Tuesday, August 16, 2011 Beware the Grease Devils!


Sri Lanka is gripped by a monster panic! Reports of bizarre creatures - or villains posing as such - are flooding in from across the country. Here's a long article on the current frenzy from the Sunday Times of Sri Lanka:
What the devil is going on?

Real or imaginary ‘grease yakas’ are frightening and attacking women; villagers are taking the law into their own hands with deadly consequences; while police say ‘grease yakas’, creation of the media, thieves and drug addicts behind incidents

By Chris Kamalendran
Sunday August 14, 2011


Ushanar Marzuka, 31, a mother of two living in a remote area in Valaichchenai on Wednesday was preparing lunch when she realised that the battery on her mobile phone was low. Since her household did not have electricity she left her two children at home and walked over to a neighbour’s house to charge her phone.

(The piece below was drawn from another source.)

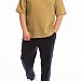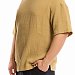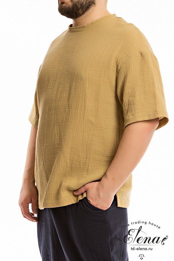 Мужская футболка из однотонного муслина со спущенной линией плеча. По низу футболки в боковых швах небольшие разрезы. Круглый вырез горловины оформлен притачной планкой.

As she made her way back home, she says she was obstructed by two men clad in T-shirts and shorts with faces painted black. “They asked me where I was heading. As I responded one man tried to grab me by my hand. I freed myself and pushed him back. In the process one of them scratched me with a sharp object he carried in his hand,” Marzuka who is being treated for injuries at the Valaichchenai hospital told the Sunday Times over the telephone.

“I ran back to my neighbours house and bolted the doors and windows. We shouted for help but no one heard us. An hour later we opened the front door armed with a pole and called out for help,” she continued.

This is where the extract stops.